Singh gives a long look at the artefacts before we exit. He is not smiling at anymore.

At his Andretta Pottery studio, in the Kangra valley, set up in 1985, he gives some instructions to an assistant. Singh wants a drain cleaned so that mosquitoes do not breed. He says one has to be careful about these things.

There are no students in sight right now. During this writer’s last visit, a young American girl had refused to get her hands on the wheel photographed. “I am not sure if I deserve that… yet,” she had said.


After showing his father and noted potter Gurcharan Singh’s locked house, the founder of the Delhi Blue Pottery Society (1952), Singh leads us through a serpentine path towards his home. Creepers engulf the house. In the garden, a fountain punctuates the deafening silence. There are some fish in the pond too.

Mary Singh, who recently released her debut book Delhi Blue – A Memoir (published by Delhi Blue Pottery Trust, price: Rs. 400), decides to speak, finally.

“From the historical point of view, the book is about the death of pottery as we both knew it. The end of huge chimneys used in this craft owing to the pollution they caused completely altered it (pottery). It’s also about my own journey and how this British woman after learning from Mansimran, married and shifted with him to this artists’ village, which we started calling home 34 years back. Delhi Blue talks about Andretta three decades back. It is about Andretta today.”

'This British woman after learning from Mansimran, married and shifted with him to this artists’ village, which we started calling home 34 years back.'

It’s time for the couple to take their evening stroll towards the artists’ colony envisioned by Norah Richards, an Irish actor and theatre practitioner, who first came to India in 1911 and settled here in 1924. It was she who wanted to convert the small village in a melting pot of arts where theatre practitioners, painters, musicians and potters could realise their dreamscape.
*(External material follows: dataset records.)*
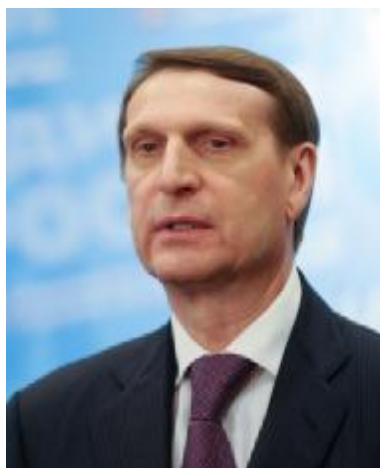
С.Е. Нарышкин – Председатель Государственной Думы Федерального Собрания Российской Федерации 21 декабря 2011 года – 5 октября 2016 года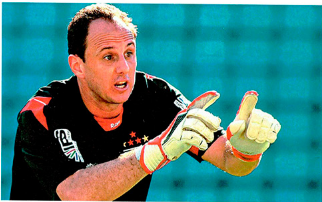
Ronaldo (acima) e Rogério Ceni são astros veteranos que brilham na disputa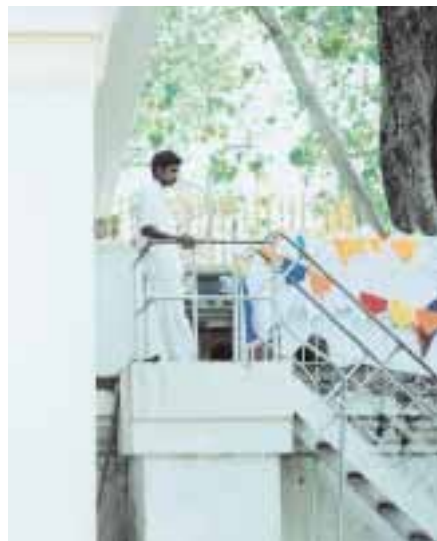
Ziel unzähliger Pilgerfahrten: Der gut geschützte Bodhi-Baum der Erleuchtung

lange spricht: der Bürgerkrieg. Singhalesen wie Tamilen erzählen, dass sie persönlich nichts gegen die anderen haben und dass nun endlich Zeit sei für Frieden. Und es sieht so aus, als sei es das wirklich. Die Friedensverhandlungen verlaufen erfolgreich, Sri Lanka gilt als sicheres Reise-land, in dem inzwischen auch der ehemals umkämpfte Norden und Osten der Insel wieder bereist werden können. Die Menschen erzählen lieber von ihrer Familie, von dem Haus, das sie gerade bauen, der Ausbildung, die sie machen, dem Job, den sie haben. Zeit zum Reden bleibt genug auf den langen Fahrten.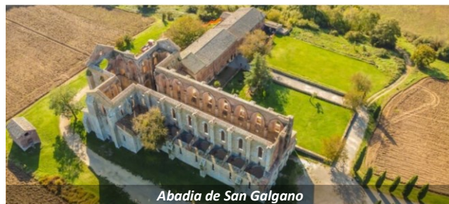
Abadia de San Galgano

redenção de seus pecados, fincou com força sua espada na rocha e jurou o fim de sua devassidão criminoso, para se dedicar à causa cristã até o fim de seus dias. Essa incrível história foi ganhando enorme fama tanto na Itália como na Europa e, para muitos historiadores e literatos, seria a própria origem do mito de Lancelot e do Rei Artur, mantendo intacto o relato da espada em forma de cruz fincada na rocha.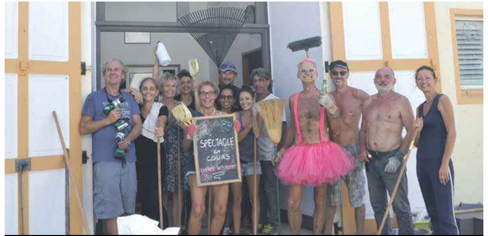
Dans la bonne humeur, une vingtaine de personnes s'est retrouvée samedi matin pour redonner aux lieux la splendeur d'avant Irma.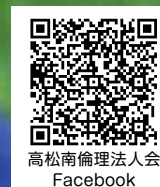
高松南倫理法人会 Facebook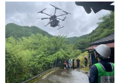
ドローンによる全国初の発災直後の 救援物資配送(令和5年7月)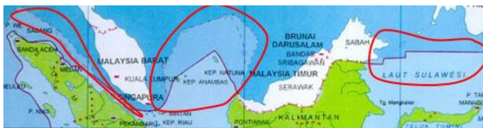
Gambar 1.2 Gambar Wilayah Indonesia yang Rawan IUU fishing dari KIA Berbendera Malaysia

menggunakan cara-cara tradisional. Hal ini telah menyebabkan mereka melanggar wilayah penangkapan ikan di wilayah negara lain termasuk wilayah laut Malaysia. Kealpaan teknologi GPS ( Global Positioning System ) membuat mereka tidak mengetahui keberadaan batas wilayah negara. (Putri, 2016). Berikut dalam Gambar 1.2, peta wilayah perairan yang sering menjadi tempat pelanggaran batas wilayah penangkapan ikan baik oleh kapal ikan Indonesia maupun kapal penangkap ikan berbendera Malaysia.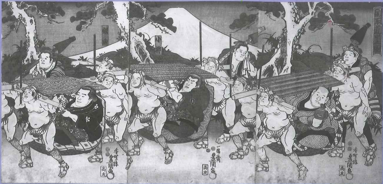
「開取道中之団」 三代豊国 画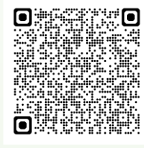
セントケアRe-has永田台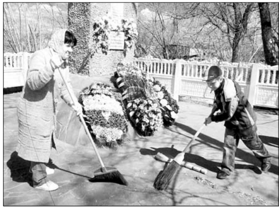
Педагоги и ученики Лавской школы стараются поддерживать чистоту и порядок в родном селе.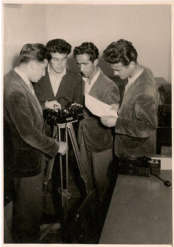
Laboratori Gjeofizikës, 1959.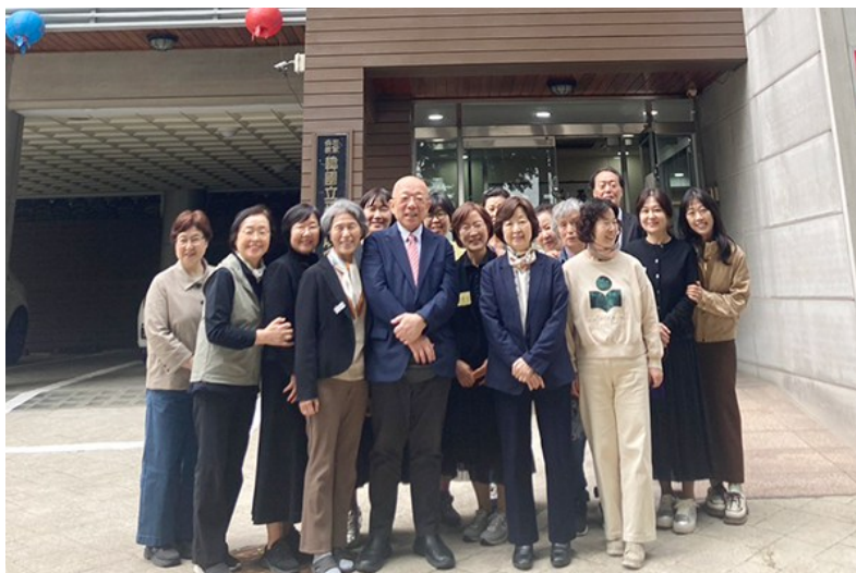
5月11日、韓国教会の玄関前で会員の皆さんと(前列中央)

今月も、「あなたに会えてよかった」という感謝の心で、一瞬一瞬の出会いを大切に、日々歩んでまいりたいと思います。

Although painters such as Sobha Singh, best known for his Sikh religious paintings, and BC Sanyal moved here permanently besides Gurcharan Singh, most of the other artists, including painters Paramjeet Singh, Ram Kumar and many others, would come only during summers. Theatre and other cultural performances were never a year-long affair.

“Therefore, it is just a media manufactured myth that artists have been living here forever. In the past 20 years, only we have been working consistently in this place. Of course, there exists the Sobha Singh Art Gallery and Norah Richards Home, which witnesses some visitors,” says Singh.

From where we are standing, the snow-capped Dhauladhar ranges embrace the Norah Centre for Arts. Although conceived to serve as a residency for artists, it never took off owing to poor maintenance and lack of basic amenities such as regular water supply and electricity.

“A few artists did visit, but they had a horrifying time. There was no one who they could approach if they had a problem. Many of them would come to my palace in the evenings.”

Blaming the Woodland Society, which was entrusted by Richards to give permissions to artists for construction, the potter says that unless the society gets its act together, most artists would shy away from settling here.

“They have this strange rule that the property can be passed on by the artist only to the spouse and not their children. This keeps many creative people away. Moreover, a society for promotion of arts has to be pro-active and meet more than once a year.”

As dark clouds cast a shadow over the sun, Singh looks at one of the crumbling mud houses. He says that Richard hated concrete and wanted only houses made of mud for artists. “Such houses are very delicate, not for they are made of mud. But because they can get lonely.”

On the way back, this internationally well-known couple is asked about the fate of the studio and museum when they are gone. And also the fate of Andretta pottery.

“We both have two children each from our first marriages. All of them are in England. No one is interested in pottery. In our will, the family of Shubham Sankhian (20), who left his degree in aeronautical engineering after completing a year learning pottery and is still with us, will carry on the tradition, if they want to.”

It has started raining now. Pouring. Does it ever get lonely up here?

“No, we look at the pots,” Mansimran Singh whispers. Mary Singh smiles at him.